Analyse géographique
L'Asie-Pacifique détenait 37,14 % des dépenses du marché de la MRO des navires de guerre en 2025, ancrée par la croissance de la flotte chinoise vers 435 navires d'ici 2030 et les contre-mesures des alliés telles que le plan australien de doublement de sa force de surface. Les puissances de construction navale que sont la Corée du Sud et le Japon offrent une capacité de cale sèche supplémentaire ; Hanwha Ocean est devenu le premier chantier coréen à remporter un contrat de réparation de l'US Navy, soulignant une collaboration alliée plus approfondie.
L'Europe est la région à la croissance la plus rapide avec un CAGR de 3,88 % alors que les membres de l'OTAN portent leurs dépenses de défense à au moins 2 % du PIB. L'expansion à grande échelle de la flotte danoise, la mise en service du sous-marin français Tourville et le réarmement grec de 27 milliards USD alimentent de nouvelles coques dans les pipelines de soutien. La mise à niveau de la base navale d'Aksaz en Turquie pour 350 millions EUR élargit encore les options de maintenance régionale et reflète les préoccupations de sécurité plus larges en Méditerranée.
L'Amérique du Nord maintient une demande robuste mais stable alors que l'US Navy équilibre modernisation et contraintes de chantiers vieillissants.

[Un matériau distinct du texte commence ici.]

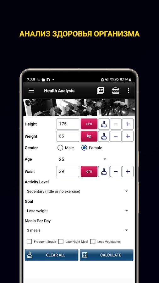 Комплексный анализ информации о здоровье на основе данных о росте, весе и окружности талии. Предоставляет данные об индексе массы тела (ИМТ), идеальном весе, процентном содержании жира в организме, скорости основного обмена веществ, рекомендуемом количестве калорий и потреблении воды.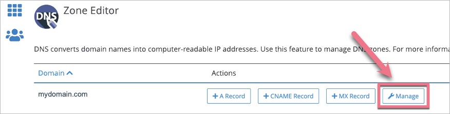 3. Znajdź swoją domenę i wybierz Manage. Zobaczysz listę rekordów DNS.

Des suppléments d'urgence de 5,7 milliards USD pour la main-d'œuvre sous-marine et un budget annuel de construction navale de 40,1 milliards USD soulignent l'engagement budgétaire, mais les niveaux de force projetés tombent à 283 navires d'ici 2027 avant de remonter vers 381 d'ici 2054. L'Amérique du Sud et le Moyen-Orient/Afrique restent des contributeurs plus modestes, bien que des programmes comme la révision de sous-marin de 1,4 milliard ZAR (78,90 millions USD) indiquent des hausses progressives.

Paysage réglementaire
La MRO des navires militaires est régie par des équivalents en matière de navigabilité et de sécurité de style aéronautique naval pour les navires, avec des contrôles particulièrement stricts concernant les travaux nucléaires, la cybersécurité des chantiers navals connectés et le contrôle de configuration. Aux États-Unis, le 10 USC 8680 restreint la révision, la réparation et la maintenance des navires militaires basés aux États-Unis dans des chantiers navals étrangers, avec des exceptions limitées (telles que les réparations de voyage ou certains scénarios de déploiement spécifiques). Ce cadre renforce un écosystème de dépôts ancré au niveau national pour de nombreuses disponibilités à forte valeur. L'exécution est standardisée par la gouvernance NAVSEA, incluant les NAVSEA Standard Items et les spécifications de maintenance du Joint Fleet Maintenance Manual (JFMM) gérées via le Standard Specifications for Ship Repair and Alteration Committee (SSRAC). Les mises à jour des politiques de maintenance de l'US Navy façonnent également la conformité et la planification, y compris l'OPNAVINST 4700.7N (publié le 5 décembre 2024), aux côtés de la politique de maintenance du DoD qui met l'accent sur l'intégration de la Condition-Based Maintenance Plus (CBM+) dans les plans de cycle de vie.
En Europe, la politique industrielle de défense évolue vers une coopération transfrontalière plus structurée en matière d'approvisionnement et de soutien. Le règlement (UE) 2025/2643 (adopté le 16 décembre 2025) établit le cadre du Programme européen pour l'industrie de la défense (EDIP), avec des mécanismes pouvant soutenir l'approvisionnement et la maintenance conjoints tout en renforçant la sécurité d'approvisionnement et l'interopérabilité. Parallèlement, les propositions de 2025 visant à modifier les directives 2009/43/CE et 2009/81/CE visent à simplifier les transferts et les processus d'approvisionnement intra-UE et à permettre des durées d'accords-cadres plus longues (jusqu'à dix ans), s'alignant sur l'évolution du marché vers des structures contractuelles basées sur la disponibilité à plus long terme et des dispositifs de soutien multinationaux.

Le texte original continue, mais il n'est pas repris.